What is needed >> Write out the data exactly as given, dropping every picture.

Data section >>
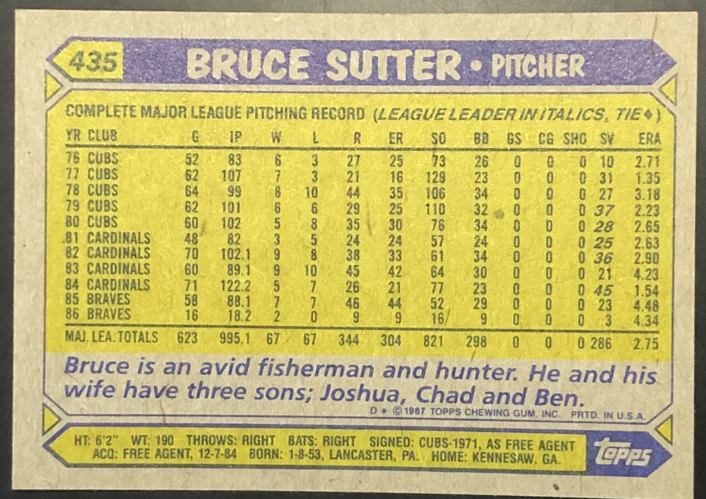 Lot 875 1987 TOPPS MLB BRUCE SUTTER (HOF)
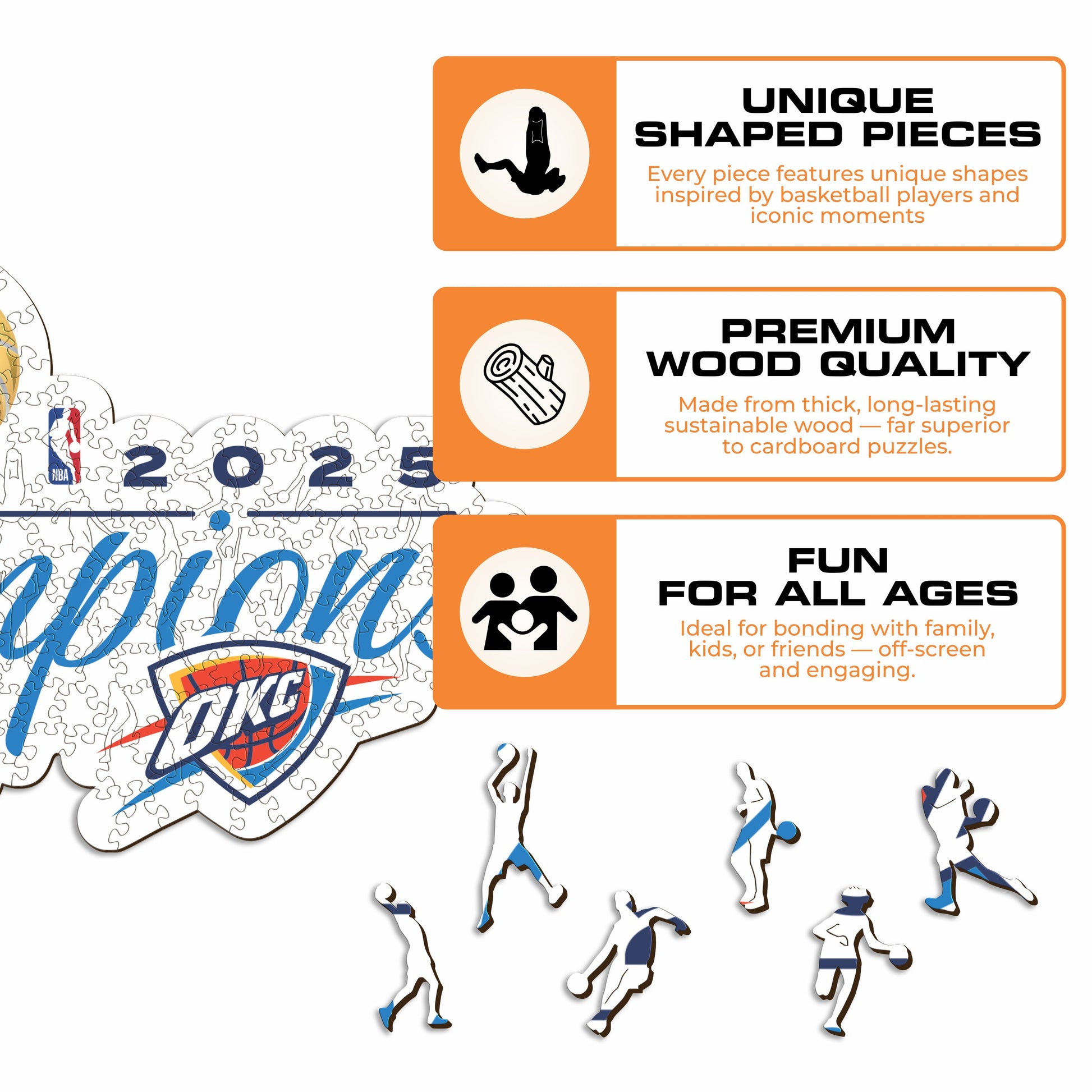 2x Oklahoma City Thunder™ 2025 NBA Champions + Logo - Official Wooden Puzzle
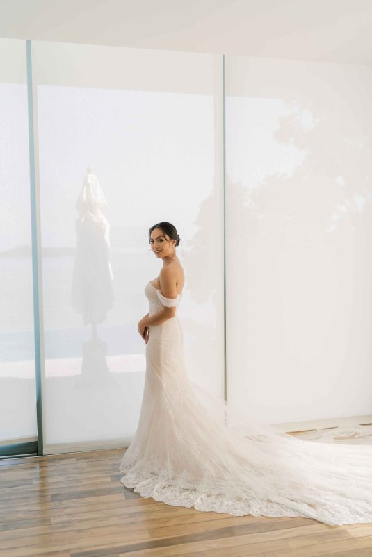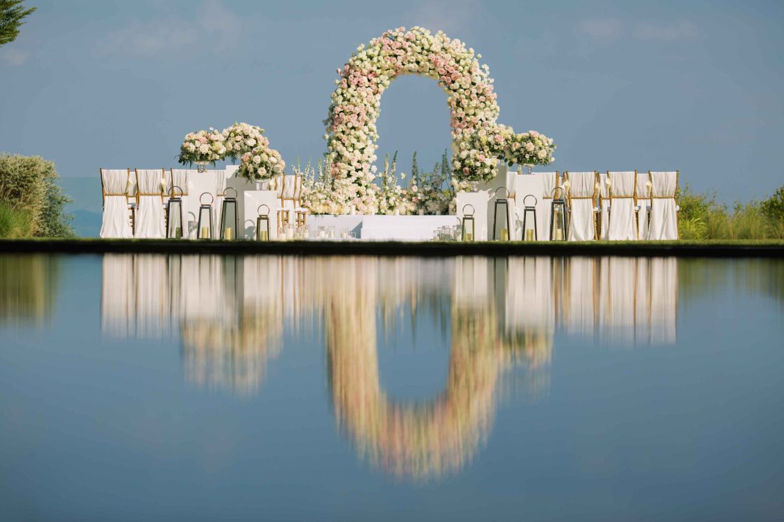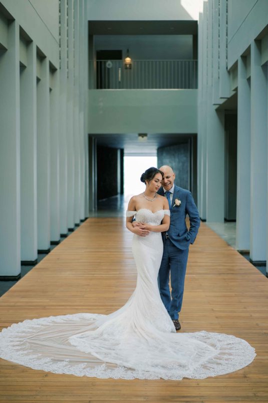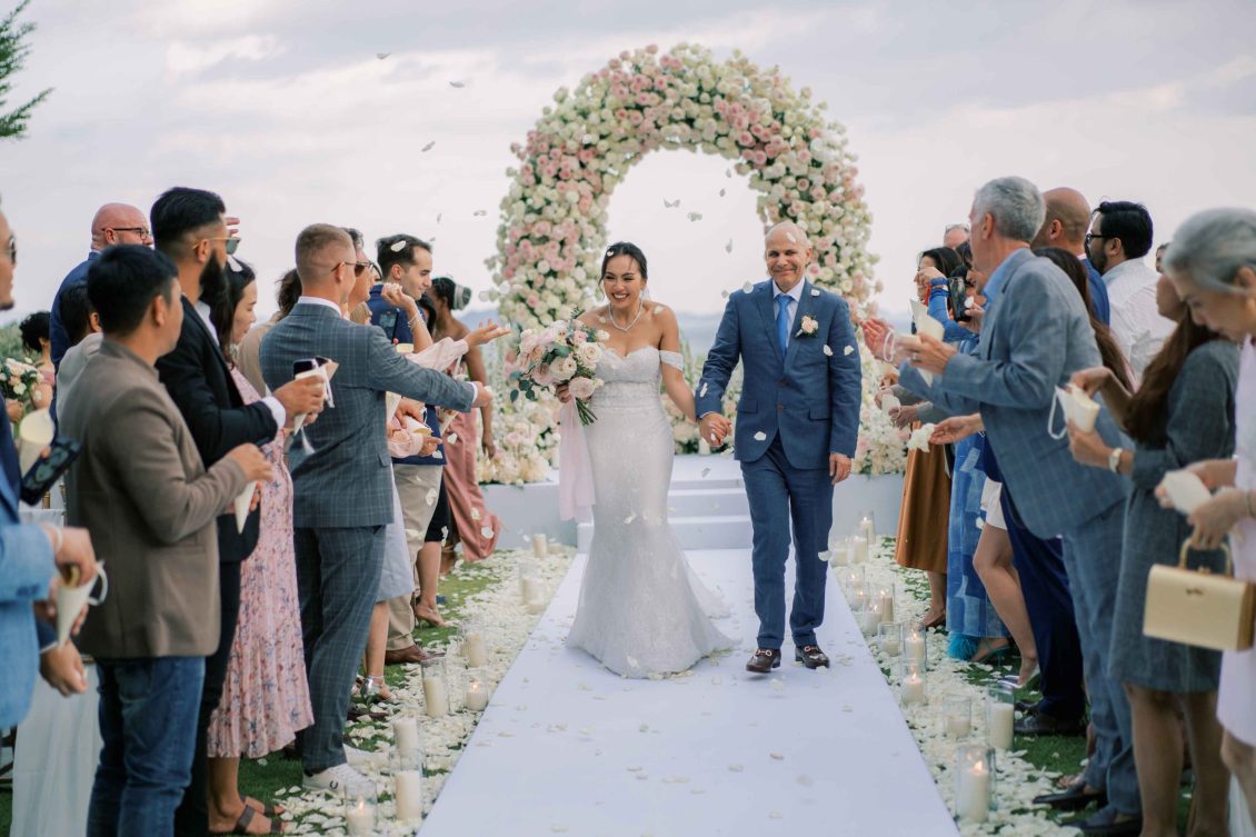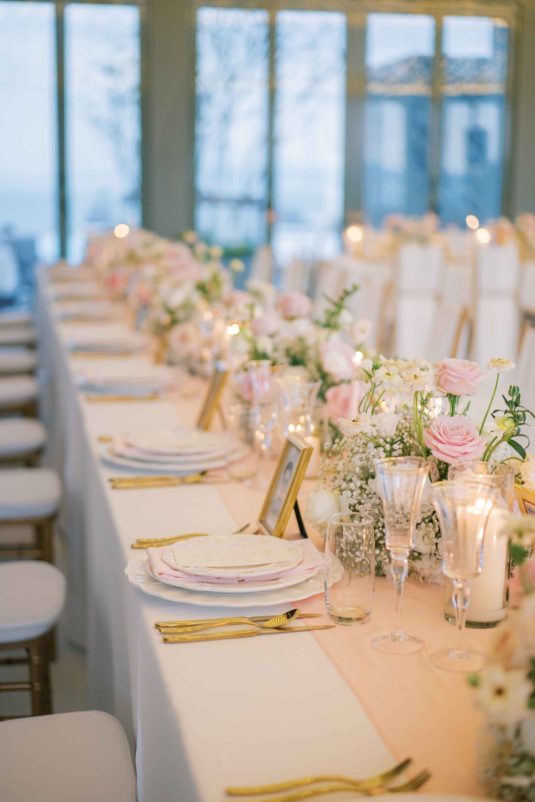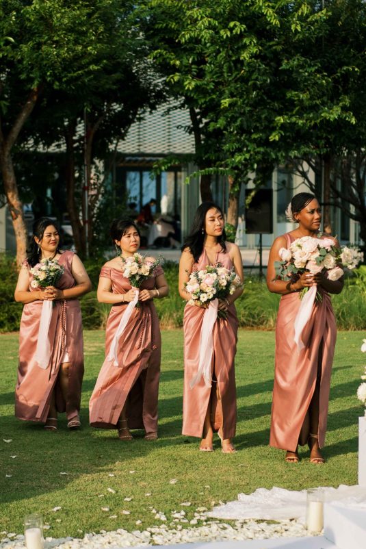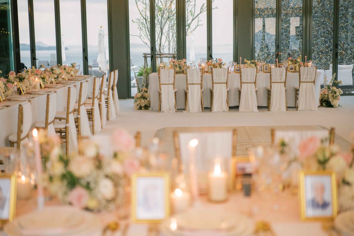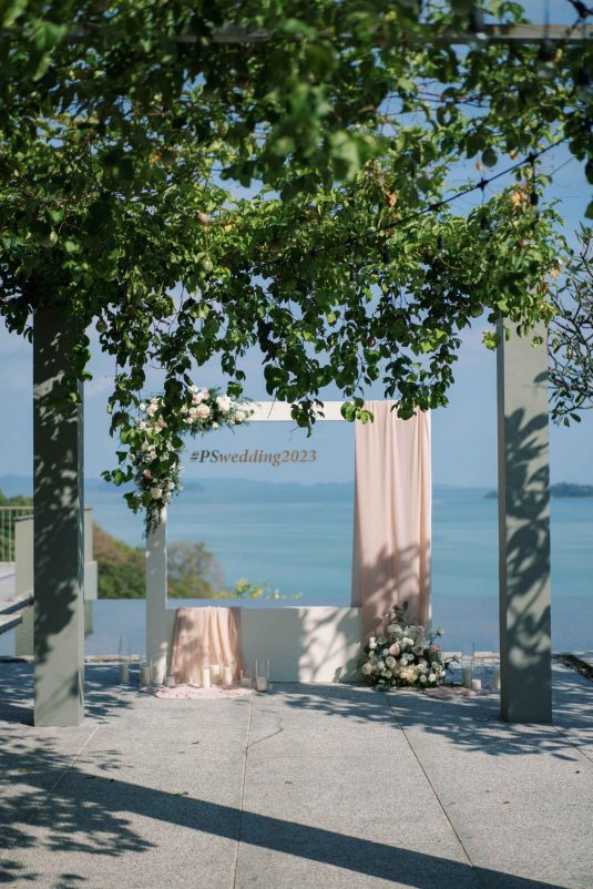 Bring on the romance! Pammy and Steven’s scenic cliffside wedding ceremony featured an oversized floral arch full of pastel pink and white roses, complimented by the bridesmaids’ blush-hued gowns. As an added touch, coconut drinks were offered as refreshments. The romance continued with the indoor reception, which was illuminated by a canopy of fairy lights resembling the twinkling of stars in a clear night’s sky.

Task result >>
 Lot 875 1987 TOPPS MLB BRUCE SUTTER (HOF)
 2x Oklahoma City Thunder™ 2025 NBA Champions + Logo - Official Wooden Puzzle
 Bring on the romance! Pammy and Steven’s scenic cliffside wedding ceremony featured an oversized floral arch full of pastel pink and white roses, complimented by the bridesmaids’ blush-hued gowns. As an added touch, coconut drinks were offered as refreshments. The romance continued with the indoor reception, which was illuminated by a canopy of fairy lights resembling the twinkling of stars in a clear night’s sky.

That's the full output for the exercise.